- _Task_: Only these lines of the data below are wanted: the one with "Do zdarzenia doszło", the one with "U10-es csapatunk elől", and any lines between them, each repeated exactly.

- _Data in this exercise_:
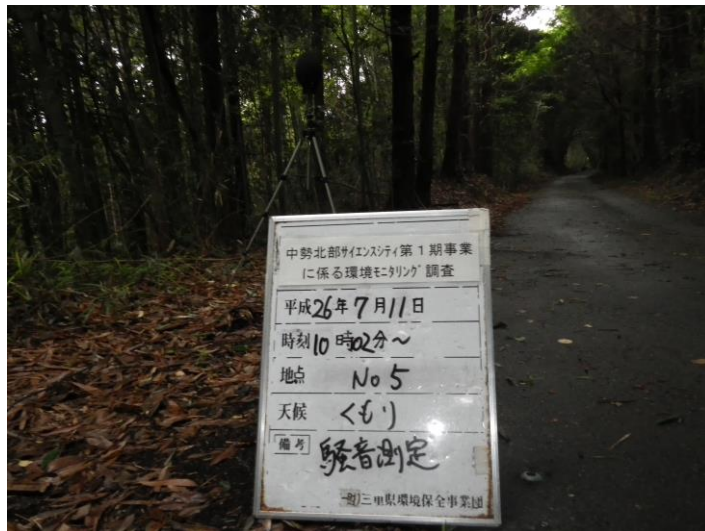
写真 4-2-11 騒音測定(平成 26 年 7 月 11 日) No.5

--

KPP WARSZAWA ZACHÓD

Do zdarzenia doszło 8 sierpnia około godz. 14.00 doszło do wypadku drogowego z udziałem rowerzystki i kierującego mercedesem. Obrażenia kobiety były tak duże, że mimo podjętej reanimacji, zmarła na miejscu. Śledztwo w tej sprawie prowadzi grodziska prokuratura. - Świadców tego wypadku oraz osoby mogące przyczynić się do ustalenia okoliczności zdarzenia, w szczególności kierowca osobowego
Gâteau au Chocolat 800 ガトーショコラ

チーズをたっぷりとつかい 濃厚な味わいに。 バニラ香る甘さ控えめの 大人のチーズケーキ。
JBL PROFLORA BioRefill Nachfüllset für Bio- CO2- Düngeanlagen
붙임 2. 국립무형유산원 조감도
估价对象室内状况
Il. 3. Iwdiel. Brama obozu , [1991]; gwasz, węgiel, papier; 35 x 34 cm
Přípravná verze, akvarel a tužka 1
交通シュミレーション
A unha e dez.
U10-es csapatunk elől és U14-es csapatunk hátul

- _Expected output_:
Do zdarzenia doszło 8 sierpnia około godz. 14.00 doszło do wypadku drogowego z udziałem rowerzystki i kierującego mercedesem. Obrażenia kobiety były tak duże, że mimo podjętej reanimacji, zmarła na miejscu. Śledztwo w tej sprawie prowadzi grodziska prokuratura. - Świadców tego wypadku oraz osoby mogące przyczynić się do ustalenia okoliczności zdarzenia, w szczególności kierowca osobowego
Gâteau au Chocolat 800 ガトーショコラ

チーズをたっぷりとつかい 濃厚な味わいに。 バニラ香る甘さ控えめの 大人のチーズケーキ。
JBL PROFLORA BioRefill Nachfüllset für Bio- CO2- Düngeanlagen
붙임 2. 국립무형유산원 조감도
估价对象室内状况
Il. 3. Iwdiel. Brama obozu , [1991]; gwasz, węgiel, papier; 35 x 34 cm
Přípravná verze, akvarel a tužka 1
交通シュミレーション
A unha e dez.
U10-es csapatunk elől és U14-es csapatunk hátul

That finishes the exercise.